Worms taste like dirt. A rubbery sort of dirt, sure—ringed and smooth. But dirt nonetheless.
I am, in fact, speaking from experience. My fascination with odd and sometimes downright outrageous foods brings endless chagrin to my family and friends, not because they worry for my health, but rather because they are the ones who typically watch me eat. I’ve eaten snake and fish eyes in China, alligator in Florida, roasted pork feet in Germany, self-made Native American-style acorn bread, and stir-fried weed at home. When faced with choices at a soda fountain, I simply mix them all together. I am at my most courageous at the dinner table; no foreign-sounding name, squelching-squishing sound, or unnatural hue can daunt me.
Some of these foods, I could have done without. The raw (and judging from its movements in my mouth, still living) snail consumed in France is one such example. These foods I eat strictly to gain perspective. I’m a firm believer that the most direct medium of communication from one culture to another is food; thus, to most properly place yourself in another’s shoes, you must first place yourself in his mouth. When I was in fourth grade, I ate a bit of doggie kibble to see if it really did taste “100% like 100% pure bacon.” Since then my dog has known the true taste of bacon, which does not in fact taste like stale, vaguely salty cardboard.
Other foods, I would gladly try again and again.

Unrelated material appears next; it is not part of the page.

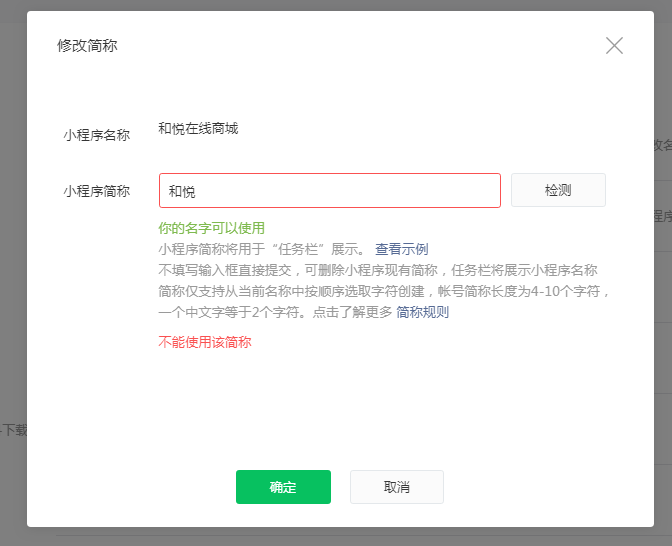小程序简称用 和悦 却提示不能使用该简称,麻烦帮忙看下原因

Raspberry bombes, turkey-avocado on hazelnut bread, thick slices of Swiss cheese melted with strawberry jam and spread on crackers…these are the foods that come to mind when I think of indulgence. We are at our best when we eat: the sated pleasantness we derive from a thick slice of buttered apple turnover lasts through at least a good hour’s worth of conversation, no matter how dull. Food is of infinite meanings, some which you can’t even define.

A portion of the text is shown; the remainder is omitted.